The 31-year-old wanted, if Ferguson was actually committed to the K1, for both of them to attend the world cup regattas in Europe. CRNZ instead elected to hold a trial this month and send just one paddler.

"When you consider that the sole objective of CRNZ is to win medals at the Olympics, perhaps you can understand why I feel that to potentially eliminate the only person who has won a medal in the past 20 years based simply on the timing of trials, which CRNZ had full control over, seemed futile.

"[However] I accepted CRNZ's stance on the matter, realised the writing was on the wall about what an uphill battle it would be get to medal standard with this kind of custodianship, and decided on balance to take myself out of the mix and to quietly move on with my life.

"CRNZ will endeavour to put their own spin, justifications and interpretations of selection rules on all of this, as they have at every contentious point in the past. I can only trust that my track record of honesty and world-class performances counts for something in peoples' judgments."

Fouhy said he had competed in a combined 22 world cup, world championship and Olympic races and had missed the podium just seven times.

"I have never been outside of top five at a world championship final in the K1."

It's those sort of statistics that has Walker shaking his head at the lunacy of the dispute.

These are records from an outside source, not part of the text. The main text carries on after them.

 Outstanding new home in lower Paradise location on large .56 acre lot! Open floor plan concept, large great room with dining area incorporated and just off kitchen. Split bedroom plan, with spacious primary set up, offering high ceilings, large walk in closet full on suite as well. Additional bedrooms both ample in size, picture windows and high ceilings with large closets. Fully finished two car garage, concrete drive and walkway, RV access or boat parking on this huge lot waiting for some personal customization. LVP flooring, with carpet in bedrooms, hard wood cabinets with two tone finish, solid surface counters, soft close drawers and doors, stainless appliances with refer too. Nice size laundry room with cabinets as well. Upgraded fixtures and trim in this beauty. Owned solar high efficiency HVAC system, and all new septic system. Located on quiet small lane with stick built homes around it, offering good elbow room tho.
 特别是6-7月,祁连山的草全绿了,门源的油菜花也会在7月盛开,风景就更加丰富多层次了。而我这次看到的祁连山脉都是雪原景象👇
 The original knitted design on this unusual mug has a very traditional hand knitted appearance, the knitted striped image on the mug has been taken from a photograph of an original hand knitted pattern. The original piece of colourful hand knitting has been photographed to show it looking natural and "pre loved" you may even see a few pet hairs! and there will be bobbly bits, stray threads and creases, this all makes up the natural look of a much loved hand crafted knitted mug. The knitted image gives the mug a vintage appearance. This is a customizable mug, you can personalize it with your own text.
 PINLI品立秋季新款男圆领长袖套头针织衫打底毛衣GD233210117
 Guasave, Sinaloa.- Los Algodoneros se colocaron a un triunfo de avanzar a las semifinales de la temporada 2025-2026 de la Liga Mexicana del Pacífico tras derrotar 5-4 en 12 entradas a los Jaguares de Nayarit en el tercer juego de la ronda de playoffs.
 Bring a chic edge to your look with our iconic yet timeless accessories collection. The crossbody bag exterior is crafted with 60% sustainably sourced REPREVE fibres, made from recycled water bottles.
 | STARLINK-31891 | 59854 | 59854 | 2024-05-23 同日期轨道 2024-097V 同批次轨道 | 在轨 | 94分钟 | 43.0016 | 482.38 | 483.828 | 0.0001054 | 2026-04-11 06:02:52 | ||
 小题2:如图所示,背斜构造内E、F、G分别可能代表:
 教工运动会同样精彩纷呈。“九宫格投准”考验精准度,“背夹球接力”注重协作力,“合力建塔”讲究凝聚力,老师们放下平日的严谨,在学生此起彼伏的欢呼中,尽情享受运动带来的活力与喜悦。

"I can't believe that this hasn't gone to mediation and I happen to blame Sparc," Walker said. "Their stance has left no light at the end of the tunnel. They seem to think selection criteria is a great god that cannot be moved.

"It's a nonsense. If Ben was to focus and had the right people around him, he could front up and win a medal in London."

BEN FOUHY

* Fouhy took up kayaking seriously in 2002, following his interest in multisport events.
* In 2003, he won the world K1 1000m champs in Gainesville, Georgia.
* The following year he won silver at the Athens Olympics.
* After the Olympics he announced he was taking a break from kayaking to try cycling.
* In 2006, he finished third at the world champs in Szeged, Hungary.
* At the Beijing Olympics he finished fourth.